Sulyandziga's home region is the Bikin River valley, located in close proximity to the Sikhote-Alin Nature Reserve, which was designated UNESCO World Heritage in 2001. The Bikin valley is covered with dense forest and constitutes an important habitat for the Amur tiger.[3] During the late 1980s, Pavel Sulyandziga lived in the village of Krasny Yar, Primorsky Krai, where he was successful in mobilizing the population against the administration's plans to grant timber harvesting licenses to a Soviet-Korean joint venture led by Hyundai. Since then, he has remained one of the most outspoken indigenous rights activists in the Russian Federation.[4]
Since 1999 he has been co-editor of the magazine "The World of Indigenous Peoples - Living Arctic" (Russian: Мир коренных народов — Живая Арктика). In 2011, he was elected a member of the UN working group on human rights, transnational corporations and other types of business from the Eastern Europe region for three years.[5]

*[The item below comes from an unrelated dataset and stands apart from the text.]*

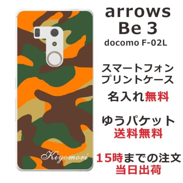 arrows Be3 ケース F-02L アローズBe3 カバー らふら 名入れ 迷彩 オレンジ

In August 2012, with the participation of Sulyandziga and with the assistance of the Russian authorities, the evacuation of the seriously ill and isolated from the public world chess champion Boris Spassky from Paris to Moscow was planned and carried out.[6]
In 2014, he was not released from Russia for the UN conference in the United States on indigenous peoples (according to Sulyandziga, a border guard tore a page from his passport and then declared that it was invalid).[7][8]
In 2016, he was nominated by the Yabloko party as a candidate for the State Duma on the regional list from Primorsky Krai, as well as in a single-mandate constituency.[9][10]
In 2017, he asked for political asylum in the United States.[11] He lives in the state of Maine, continuing to head the International Fund for the Development and Solidarity of Indigenous Peoples “Batani.”[12] In 2022, he took part in the Free Nations of Russia Forum held in Warsaw, where he proposed the creation of a Congress of Indigenous Peoples of Russia abroad.[13]
In recent years, Sulyandziga has collaborated extensively with various universities. In 2017–2018, he was a visiting scholar at Dartmouth College (New Hampshire), and in 2019–2021 he was appointed a research fellow at Bowdoin College (Maine).
In 2022, he was elected to the board of directors of IRMA (Initiative for Responsible Mining Assurance), an organization that brings together representatives of business, human rights advocates, environmentalists, labor unions, and Indigenous peoples to develop standards protecting human rights in the mining sector.[15]
Since 2022, he has served as chair of the SIRGE Coalition, an Indigenous-led organization focused on protecting Indigenous rights from business activities connected with the “green economy.”[16]
In 2022, he was among the initiators of the creation of the International Committee of Indigenous Peoples of Russia, established to speak on behalf of Indigenous peoples against the war launched by Russia against Ukraine.[17]
On 21 July 2023, he was designated by the Russian Ministry of Justice as a “foreign agent.”[18]